À ces points de vue, l'utilisation du drone ne présente rien de radicalement neuf. Plaide même en sa faveur sa capacité de réduire le nombre de victimes civiles que la frappe aérienne classique n'épargne pas.

L'engin n'en présente pas moins des problèmes particuliers, que recense le spécialiste en études stratégiques et diplomatiques, Charles-Philippe David, dans La Guerre et la paix (édition augmentée, tout juste parue). Danger de prolifération, secret très étanche, flou juridique, non-imputabilité sont du nombre.

Malgré cela, ce n'est pas tant le drone que la situation géostratégique qui est singulière.

Considérer comme morale l'utilisation des drones suppose d'abord que l'on accepte l'idée qu'existe une guerre déclarée entre l'Occident et la terreur islamiste - beaucoup le nient. Or, cette guerre est menée depuis le début de façon non conventionnelle. L'avion commercial transformé en missile, l'attentat-suicide, la prise en otages de populations entières, l'égorgement télévisé, le ciblage délibéré et souvent exclusif de civils, sont considérés comme parfaitement moraux par l'une des parties.

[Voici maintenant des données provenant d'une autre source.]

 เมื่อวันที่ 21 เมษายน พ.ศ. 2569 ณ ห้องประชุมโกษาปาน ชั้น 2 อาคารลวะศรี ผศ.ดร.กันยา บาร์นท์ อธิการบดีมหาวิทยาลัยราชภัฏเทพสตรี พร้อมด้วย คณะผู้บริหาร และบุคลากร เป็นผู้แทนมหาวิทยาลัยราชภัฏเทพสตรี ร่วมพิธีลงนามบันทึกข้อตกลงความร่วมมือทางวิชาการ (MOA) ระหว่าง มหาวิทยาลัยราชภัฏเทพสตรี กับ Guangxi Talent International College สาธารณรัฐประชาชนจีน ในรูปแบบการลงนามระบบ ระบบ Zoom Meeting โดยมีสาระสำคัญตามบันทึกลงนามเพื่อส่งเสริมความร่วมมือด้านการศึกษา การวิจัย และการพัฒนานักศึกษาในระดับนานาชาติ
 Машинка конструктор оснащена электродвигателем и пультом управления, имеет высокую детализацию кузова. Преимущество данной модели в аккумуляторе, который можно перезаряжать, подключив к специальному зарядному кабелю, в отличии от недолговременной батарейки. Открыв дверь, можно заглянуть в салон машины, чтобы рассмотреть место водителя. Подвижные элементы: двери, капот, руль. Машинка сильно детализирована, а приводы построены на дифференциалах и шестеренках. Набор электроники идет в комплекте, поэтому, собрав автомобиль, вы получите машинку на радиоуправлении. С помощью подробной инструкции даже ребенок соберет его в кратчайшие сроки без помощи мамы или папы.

Voilà l'affaire: cette guerre est asymétrique au niveau moral. Personne n'attend de la terreur islamiste qu'elle respecte quelque règle que ce soit. C'est par contre ce qu'exigent de leurs militaires les populations occidentales, largement dégoûtées de la guerre. Aussi, ce qui est jugé en même temps que les drones, c'est au fond la guerre elle-même qui, à nos yeux, est devenue immorale.

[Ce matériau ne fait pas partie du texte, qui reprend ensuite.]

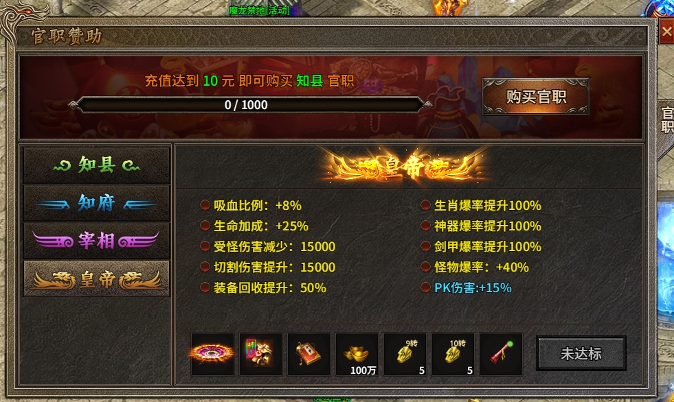 赞助特权:将赞助开至皇帝级别,提升爆率和属性,增加PK伤害。
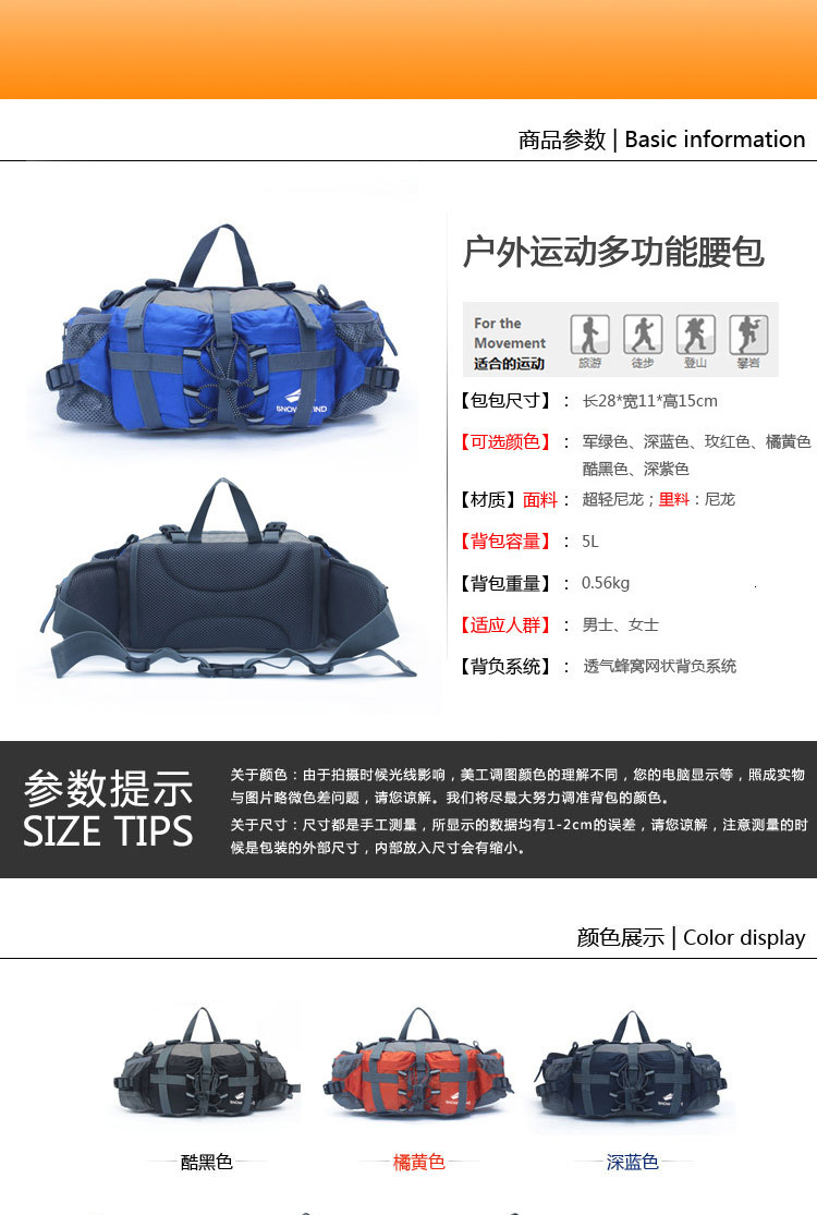 Cartera nueva bolsa de cintura al aire libre multifuncional impermeable de gran capacidad para hombres y mujeres montañistas a pie bolsas de hervidor de agua al por mayor
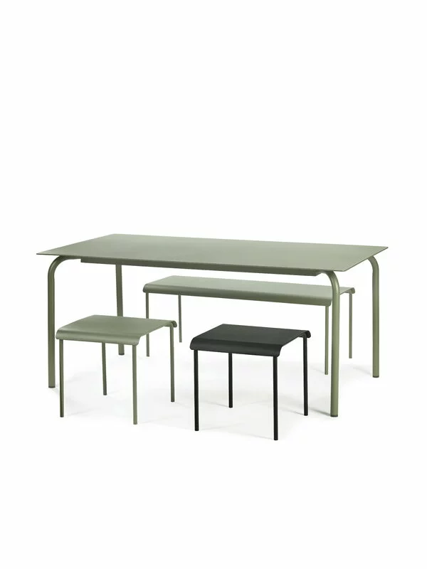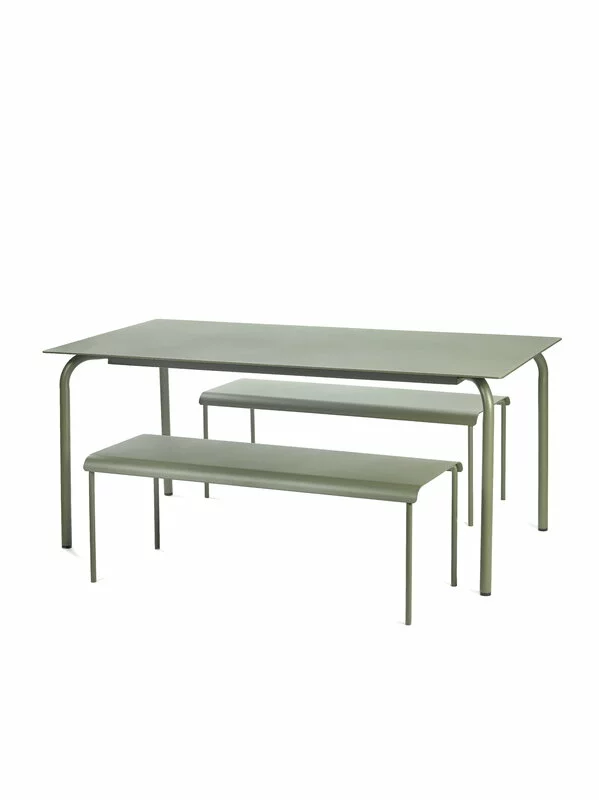 La panca August di Serax è realizzata in alluminio verniciato a polvere ed è adatta sia per ambienti interni che esterni. La panca in metallo è perfetta sia fuori in giardino o nel patio che per il tavolo da pranzo all’interno.

«Les nouvelles technologies sont-elles sur le point de supplanter les vrais soldats? L'irruption de la guerre sans vertu?» s'interroge David. Il ajoute que «tout le défi consistera à s'assurer que les humains conserveront le plein contrôle de ce processus en transition». C'est à souhaiter, en effet.

Quant à la vertu, nous n'en trouvons plus beaucoup dans le sang versé, de quelque manière que ce soit.